Hamzah menjelaskan, organisasi tersebut diharapkan berorientasi sosial dan menjadi wadah bagi para pengusaha untuk berkontribusi secara sukarela dalam membantu masyarakat yang terdampak bencana.
“Organisasi untuk penanggulangan bencana yang sifatnya memang orientasinya sosial dan itu kita berharap supaya pengusaha-pengusaha yang ada di Provinsi Gorontalo itu dirangkul semua, ya difasilitasi sehingga terbentuk sebuah organisasi.”
“Ketika misalnya ada pasca bencana maka mereka yang secara ikhlas menyumbang untuk membantu masyarakat kita.Organisasi tersebut sebenarnya ada di daerah-daerah lain juga.”tuturnya.
Ia menyebut, organisasi serupa telah banyak dibentuk di sejumlah daerah atau Provinsi lain.
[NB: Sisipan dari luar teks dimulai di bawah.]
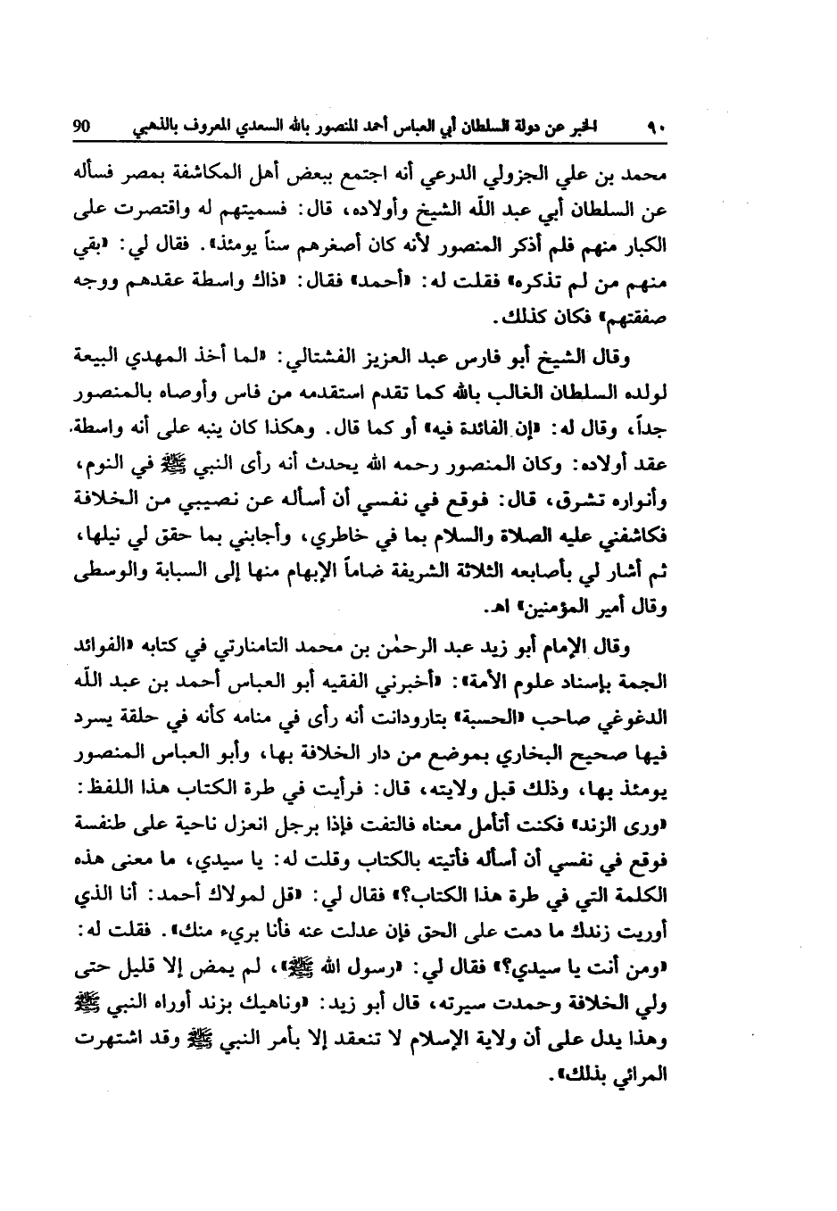 وَقَالَ الشَّيْخ أَبُو فَارس عبد الْعَزِيز الفشتالي لما أَخذ الْمهْدي الْبيعَة لوَلَده السُّلْطَان الْغَالِب بِاللَّه كَمَا تقدم استقدمه من فاس وأوصاه بالمنصور جدا وَقَالَ لَهُ إِن الْفَائِدَة فِيهِ أَو كَمَا قَالَ وَهَكَذَا كَانَ يُنَبه على أَنه وَاسِطَة عقد أَوْلَاده وَكَانَ الْمَنْصُور رَحمَه الله يحدث أَنه رأى النَّبِي صلى الله عَلَيْهِ وَسلم فِي النّوم وأنواره تشرق قَالَ فَوَقع فِي نَفسِي أَن أسأله عَن نَصِيبي من الْخلَافَة فكاشفني صلى الله عَلَيْهِ وَسلم بِمَا فِي خاطري وأجابني بِمَا حقق لي نيلها ثمَّ أَشَارَ لي بأصابعه الثَّلَاثَة الشَّرِيفَة ضاما الْإِبْهَام مِنْهَا إِلَى السبابَة وَالْوُسْطَى وَقَالَ أَمِير الْمُؤمنِينَ اه

Organisasi tersebut umumnya dipimpin oleh kalangan pengusaha dan memiliki orientasi utama pada kegiatan sosial serta kemanusiaan.
“Banyak, banyak di daerah lain.Di daerah iya di provinsi lain itu banyak, di kabupaten kota banyak dan itu memang diketuai oleh pengusaha dan jajarannya pun di bawah pengusaha.”imbuhnya kembali.
Hamzah menegaskan, organisasi yang diusulkan tersebut nantinya harus bersifat independen dan tidak membawa kepentingan politik maupun bercampur dengan struktur pemerintahan.
“Tidak ada kaitannya dengan politik dan tidak dicampur lagi dengan pemerintah.Hanya misalnya ketika ada bencana maka mereka turun.”cetusnya
Meski demikian, pemerintah tetap dapat menjalin koordinasi dengan organisasi tersebut ketika terjadi bencana. Dengan pola tersebut, bantuan sosial dari para pengusaha diharapkan dapat disalurkan secara lebih cepat kepada masyarakat yang membutuhkan.
“Kalau misalnya ini mungkin dari pihak pemerintah bisa berkoordinasi dengan organisasi itu.Jadi murni memang untuk bantuan sosial ke masyarakat ketika ada bencana dan itu dananya bisa lebih cepat.Ya, “Katanya.
Baginya, usulan itu diharapkan dapat menjadi bagian dari upaya memperkuat sistem penanggulangan bencana di Provinsi Gorontalo.